Bergamaschi and Arnaud performed a study examining pathologic findings as well as proctologic and computed tomography scan findings to assess the location of the anastomosis in patients undergoing laparoscopic and open sigmoid resection for diverticulitis.19 In this review, laparoscopic operations actually resulted in colorectal anastomosis more often than open colectomy. Recurrence rates were lower in the laparoscopic group, although definitive conclusions could not be made because of differences in length of follow-up. Several series indicate that recurrence following laparoscopic resection is indeed rare.20,21,22 An additional study by Thaler et al examined recurrence following open and laparoscopic sigmoid colectomy.23 Recurrence occurred in 5% of patients. As with the findings of Benn, this study identified colocolostomy as the only significant determinant for recurrence of diverticulitis.

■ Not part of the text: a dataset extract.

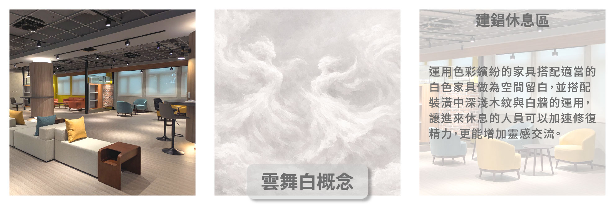 在建錩實業休憩區的案例中,我們秉持著「不打擾原有結構」的原則。透過家具的材質選擇與體積調度,我們重新定義了使用者的停留方式。

As surgeon experience increased and as technology developed for colorectal resections, larger series were published that focused on surgical treatment of diverticulitis. Kockerling et al reviewed the results of the Laparoscopic Colorectal Surgery Study Group, a multicenter study that involved 24 surgical departments in Germany, Austria, and Switzerland.24 The study cohort involved 1118 patients with 304 patients undergoing colectomy for diverticulitis. Overall conversion was 7.2%. Complicated disease was present in 18.1% of cases, and conversion occurred in 18.2% of these patients. In comparison, uncomplicated recurrent diverticulitis was associated with a much lower rate of conversion, 4.8%. Schwandner et al reported on a 10-year experience involving 396 patients operated on for diverticulitis.22 Overall conversion rate was 6.8%. According to the authors, conversion appeared to be directly related to the degree of inflammation and the presence of abscess or fistula. Complicated disease was associated with a conversion rate of 16.6% versus 4.9% in patients with recurrent diverticulitis. Conversion did decrease over time and with increased experience. Although total complications were not increased in patients undergoing conversion, patients requiring conversion experienced a longer duration of surgery, increased transfusion requirements, increased intensive care unit stay, and longer length of hospitalization. Contrary to the preceding reports, Stevenson et al found in their study of 100 consecutive patients that complicated diverticulitis was not necessarily associated with increased conversion to open.21 The overall conversion rate was low at 8%. However, postoperative morbidity was increased in patients requiring conversion to open.

Several issues were raised by this increasing experience with laparoscopic colectomy for diverticulitis. Although exceptions existed, increasing degrees of inflammation and complications of diverticulitis appeared to be a risk factor for conversion. In addition, patients requiring conversion experienced poorer postoperative outcomes.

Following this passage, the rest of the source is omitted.